▸ EXERCISE DESCRIPTION
Could you copy exactly the line that contains "Dieses Imitat Glitzer-Gefälle" and every line after it to the end of the records, and nothing more?

Stored entries
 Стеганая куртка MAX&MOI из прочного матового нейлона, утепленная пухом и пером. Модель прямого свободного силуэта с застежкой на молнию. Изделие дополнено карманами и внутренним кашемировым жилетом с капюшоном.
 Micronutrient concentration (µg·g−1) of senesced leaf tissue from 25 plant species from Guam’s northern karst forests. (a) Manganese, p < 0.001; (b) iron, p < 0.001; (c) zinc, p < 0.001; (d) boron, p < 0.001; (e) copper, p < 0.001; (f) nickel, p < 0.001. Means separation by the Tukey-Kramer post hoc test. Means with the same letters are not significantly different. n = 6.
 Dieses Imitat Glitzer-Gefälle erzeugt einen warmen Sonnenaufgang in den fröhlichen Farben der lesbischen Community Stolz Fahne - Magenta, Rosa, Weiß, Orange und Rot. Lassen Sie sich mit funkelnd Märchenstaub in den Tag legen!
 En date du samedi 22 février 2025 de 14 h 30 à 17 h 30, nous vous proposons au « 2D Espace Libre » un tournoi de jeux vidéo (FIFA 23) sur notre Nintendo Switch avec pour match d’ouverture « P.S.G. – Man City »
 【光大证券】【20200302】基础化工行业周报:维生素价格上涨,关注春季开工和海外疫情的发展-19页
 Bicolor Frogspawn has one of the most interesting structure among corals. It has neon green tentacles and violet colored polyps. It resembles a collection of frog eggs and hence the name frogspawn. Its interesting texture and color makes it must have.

▸ OUTPUT
 Dieses Imitat Glitzer-Gefälle erzeugt einen warmen Sonnenaufgang in den fröhlichen Farben der lesbischen Community Stolz Fahne - Magenta, Rosa, Weiß, Orange und Rot. Lassen Sie sich mit funkelnd Märchenstaub in den Tag legen!
 En date du samedi 22 février 2025 de 14 h 30 à 17 h 30, nous vous proposons au « 2D Espace Libre » un tournoi de jeux vidéo (FIFA 23) sur notre Nintendo Switch avec pour match d’ouverture « P.S.G. – Man City »
 【光大证券】【20200302】基础化工行业周报:维生素价格上涨,关注春季开工和海外疫情的发展-19页
 Bicolor Frogspawn has one of the most interesting structure among corals. It has neon green tentacles and violet colored polyps. It resembles a collection of frog eggs and hence the name frogspawn. Its interesting texture and color makes it must have.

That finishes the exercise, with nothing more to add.